How to reduce the cost of Java garbage collection 07/19 Update SLTechnology News&Howtos

How to reduce the cost of Java garbage collection

2025-07-19 Update From: SLTechnology News&Howtos shulou NAV: SLTechnology News&Howtos > Development >

Shulou(Shulou.com)06/01 Report--

This article mainly introduces the relevant knowledge of "how to reduce the cost of Java garbage collection". The editor shows you the operation process through an actual case. The operation method is simple, fast and practical. I hope this article "how to reduce the cost of Java garbage collection" can help you solve the problem.

Tip # 1: capacity of prediction sets

All standard Java collections, including implementations of customization and extensions (such as Trove and Google's Guava), use arrays (native data types or object-based types) underneath. Because the size of an array is immutable once it is allocated, adding elements to the collection will in most cases result in the need to reapply for a new high-capacity array to replace the old array (the array used by the underlying implementation of the collection).
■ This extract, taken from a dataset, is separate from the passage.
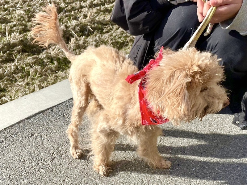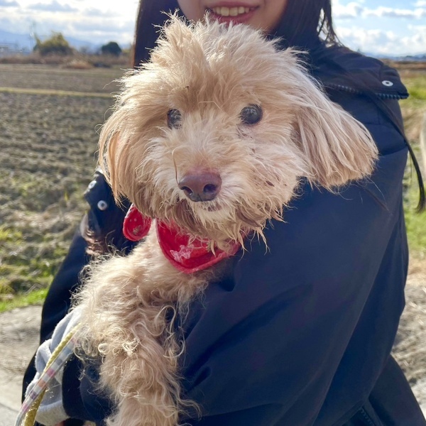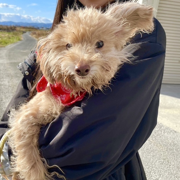 | 特徴(性格など) | トイプードルMIXの日菜(ひな)ちゃん、3kg。 くちゃくちゃの、ひどい状態で捨てられていました。 少し怖がりさんですが、人慣れしていて抱っこさせてくれます。 お散歩も好きで、しっぽを振りながら楽しそうに歩きます♪ (動画もご覧ください^^) かわいい日菜ちゃんを、温かく迎えてくださる方を探しています。 少しでも気になられましたら、お気軽にご連絡くださいね。 ●より迅速に対応させていただくため、差し支えなければ最初のご連絡で、 「お電話番号と大体のご住所」をお書き添えください。 ●シニア世代の方でもご応募可能です。 |

Even if the size of collection initialization is not provided, most collection implementations try to optimize the processing of reallocation arrays and spread their overhead to a minimum. However, you can get the best results by providing size when constructing the collection.

Let's analyze the following code as a simple example:

Public static List reverse (List & lt;? Extends T & gt; list) {

List result = new ArrayList ()

For (int I = list.size ()-1; I & gt; = 0; iMel -) {

Result.add (list.get (I))

}

Return result

}

This method allocates a new array, then fills it up with items from another list, only in reverse order. This method allocates a new array and then populates it with elements from another list, except that the order of the elements has changed.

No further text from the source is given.